» **WORK TASK**
An exact copy of the records is needed; please leave the images out.

» **RECORDS FOR THIS TASK**
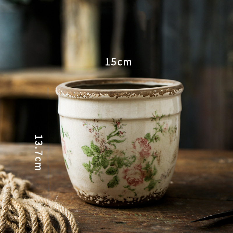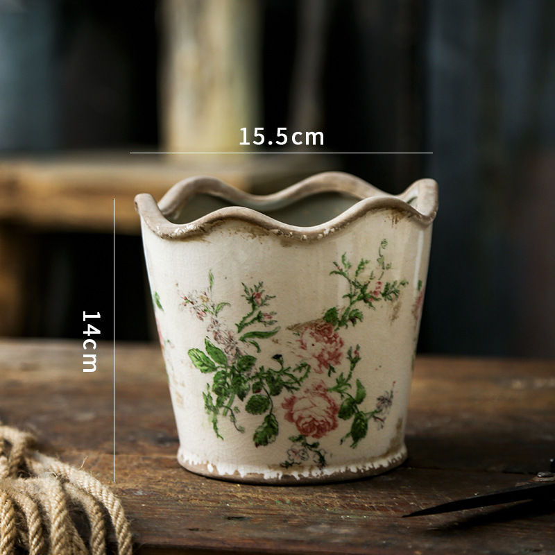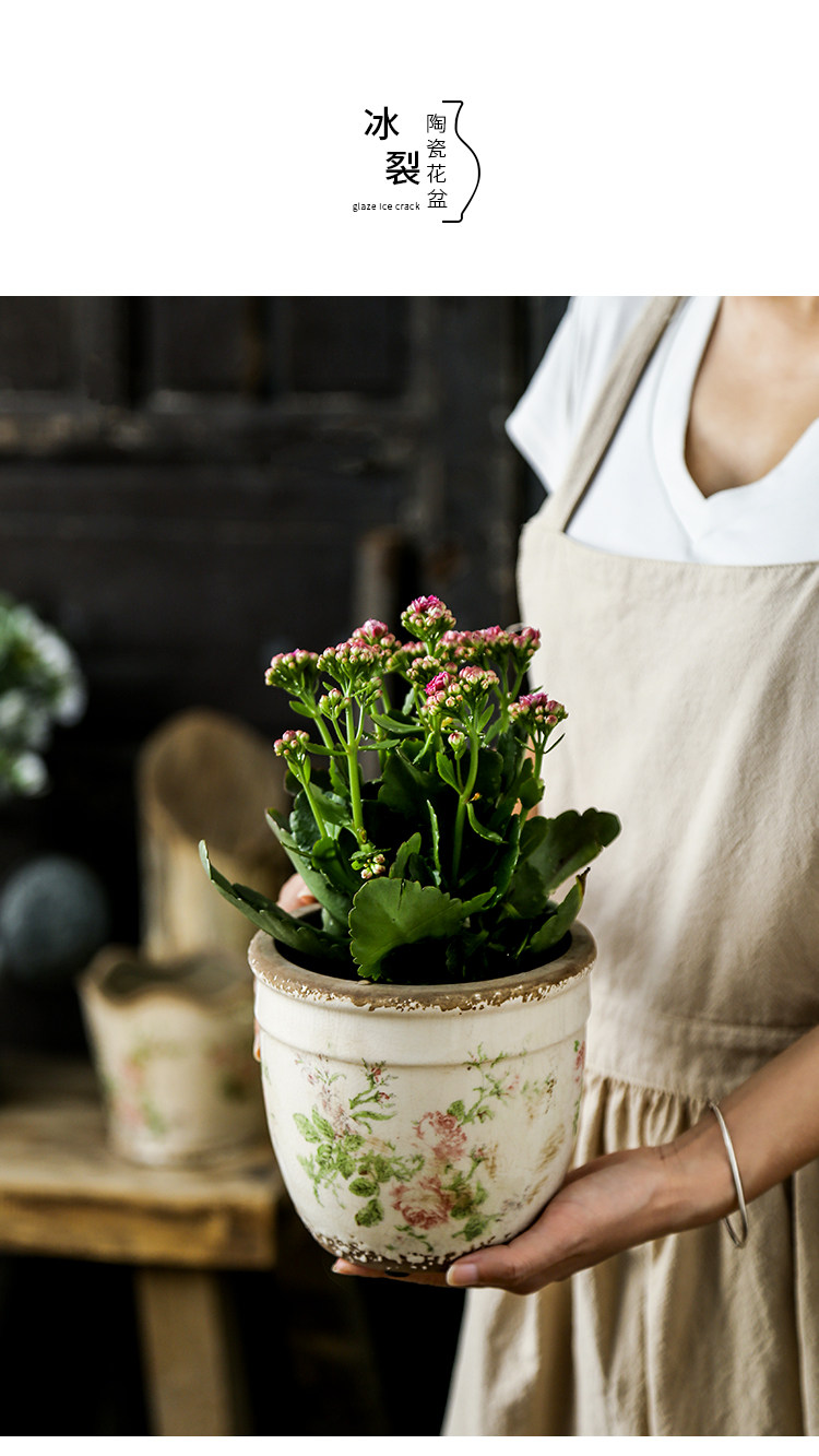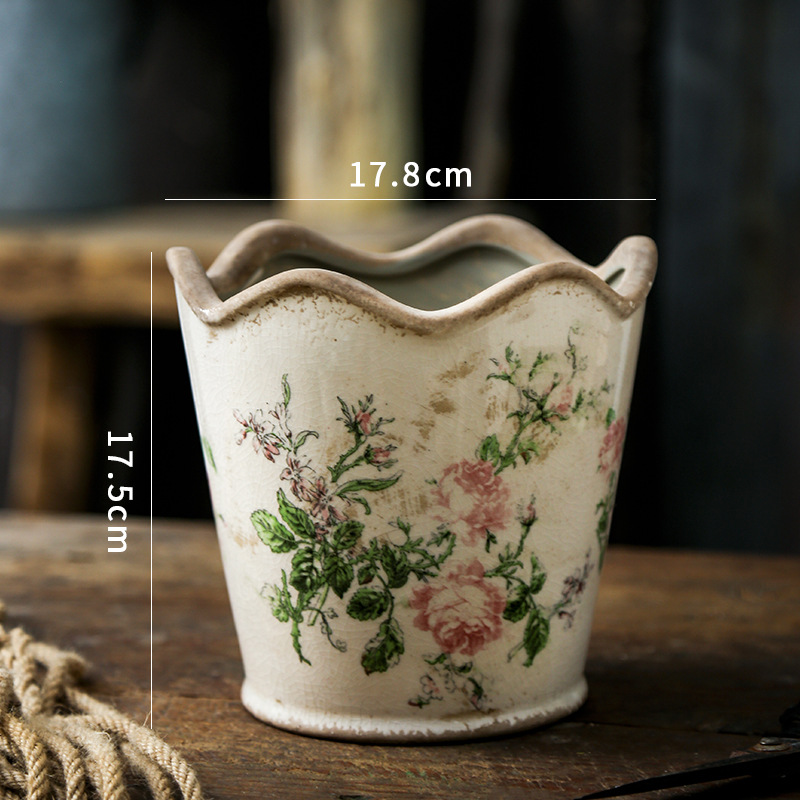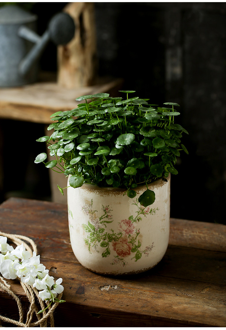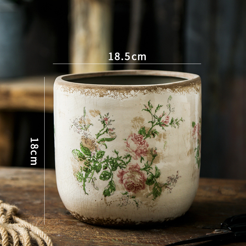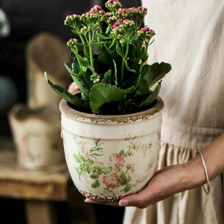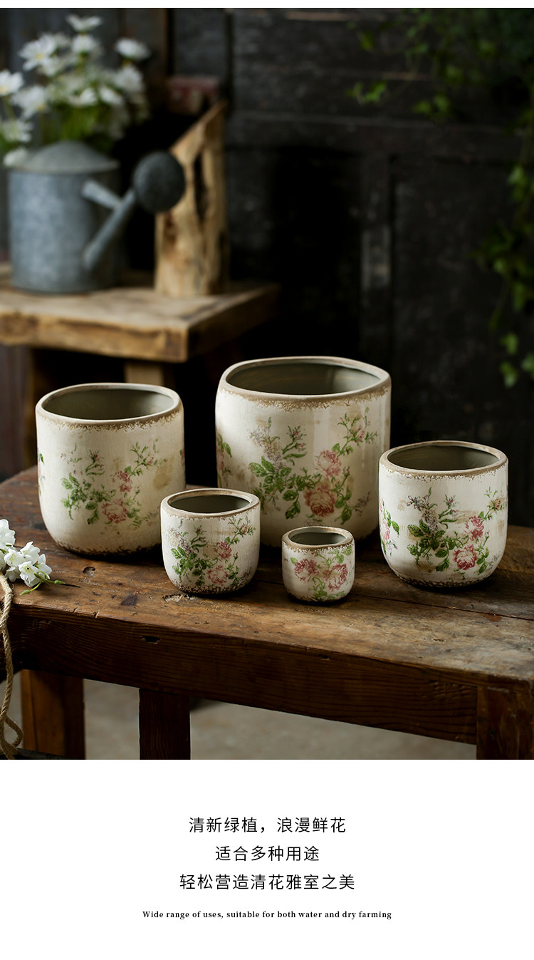 프랑스 복고풍 고민 핑크 장미 세라믹 화분 원예 꽃 녹색 심기 다육 북유럽 수경 도자기 장식
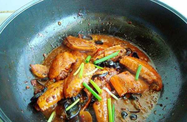 10、最后大火收汁,这样气质汤汁都被鸡翅吸收了,好吃,也好看,鸡翅油光闪亮的特别有卖相。撒上香葱段即可出锅,鸡翅香浓入味又肉美好吃,特别的开胃,看着就是食欲大增。
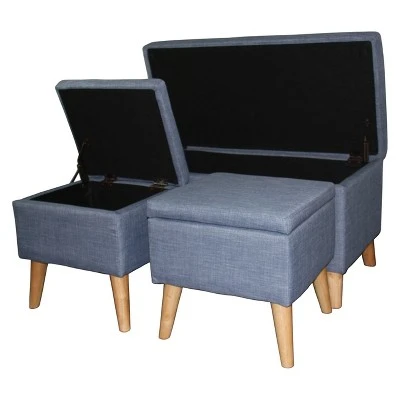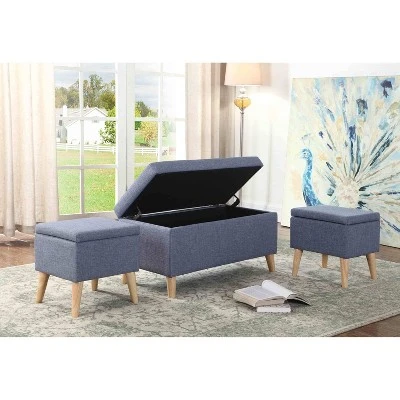 Insert this Aquamarine Solid Blue spacious storage bench in your room, and enjoy its versatile functionality. This piece serves as seating for your home when you’re not using it as a footrest or a serving platform, and it lets you tuck away blankets, magazines and whatever else you want to get up and off the floor to keep your room neat and tidy. Wooden legs finished in a reclaim teak wood put an elegant spin on this handy storage bench. You be able to separate the pieces to achieve the perfect accent for your bedroom, study, living spaces.
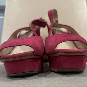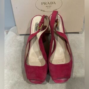 Fuchsia pink suede authentic Prada pumps. These beauties are classic with an added edginess. Suede could use a cleaning. Size 37.5, 4.5 inch heel with about 1 inch platform that is such a great detail.
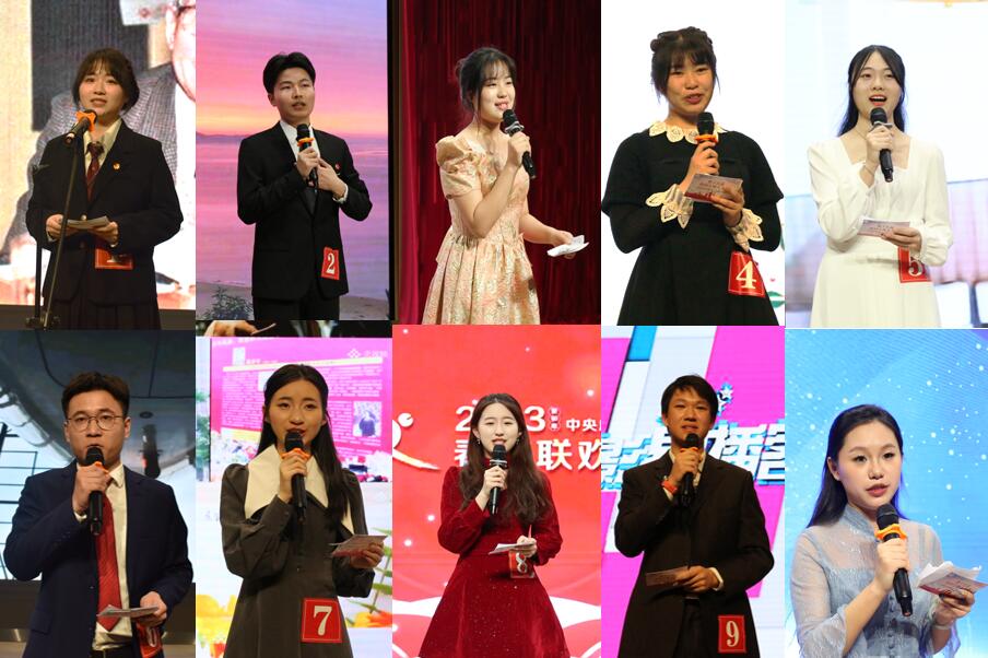 经过初赛和复赛的层层角逐,最终共有10名选手成功进入决赛。本次决赛由组合主持和单人主持两个环节组成,组合主持为两人一组,各组成员以不同的主题自备主持词,进行展示。单人主持由各位选手事先准备主持稿,限时进行舞台表演。
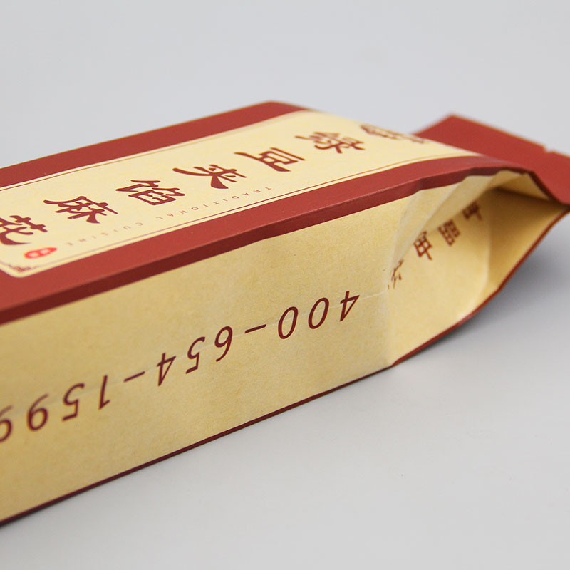 本產品為黃牛皮紙背封帶折邊包裝袋,平滑整潔,熱壓彈性好,封邊平整。黃牛皮紙適合印刷較少面積的色彩,它本身的紋理與色彩能夠很好的與印刷色結合。背封帶折邊可以包裝正面的圖案完整,比較美觀,能保持圖案圖畫的一致性,因為封口在背面,所以這個袋子的兩邊可以承受較大的壓力,減少了包裝破損的可能性,在包的大小相同的情況下,采用背封的封口方式,其總長度小,這樣可以降低包破裂的幾率。

» **ANSWER FOR THE TASK**
 프랑스 복고풍 고민 핑크 장미 세라믹 화분 원예 꽃 녹색 심기 다육 북유럽 수경 도자기 장식
 10、最后大火收汁,这样气质汤汁都被鸡翅吸收了,好吃,也好看,鸡翅油光闪亮的特别有卖相。撒上香葱段即可出锅,鸡翅香浓入味又肉美好吃,特别的开胃,看着就是食欲大增。
 Insert this Aquamarine Solid Blue spacious storage bench in your room, and enjoy its versatile functionality. This piece serves as seating for your home when you’re not using it as a footrest or a serving platform, and it lets you tuck away blankets, magazines and whatever else you want to get up and off the floor to keep your room neat and tidy. Wooden legs finished in a reclaim teak wood put an elegant spin on this handy storage bench. You be able to separate the pieces to achieve the perfect accent for your bedroom, study, living spaces.
 Fuchsia pink suede authentic Prada pumps. These beauties are classic with an added edginess. Suede could use a cleaning. Size 37.5, 4.5 inch heel with about 1 inch platform that is such a great detail.
 经过初赛和复赛的层层角逐,最终共有10名选手成功进入决赛。本次决赛由组合主持和单人主持两个环节组成,组合主持为两人一组,各组成员以不同的主题自备主持词,进行展示。单人主持由各位选手事先准备主持稿,限时进行舞台表演。
 本產品為黃牛皮紙背封帶折邊包裝袋,平滑整潔,熱壓彈性好,封邊平整。黃牛皮紙適合印刷較少面積的色彩,它本身的紋理與色彩能夠很好的與印刷色結合。背封帶折邊可以包裝正面的圖案完整,比較美觀,能保持圖案圖畫的一致性,因為封口在背面,所以這個袋子的兩邊可以承受較大的壓力,減少了包裝破損的可能性,在包的大小相同的情況下,采用背封的封口方式,其總長度小,這樣可以降低包破裂的幾率。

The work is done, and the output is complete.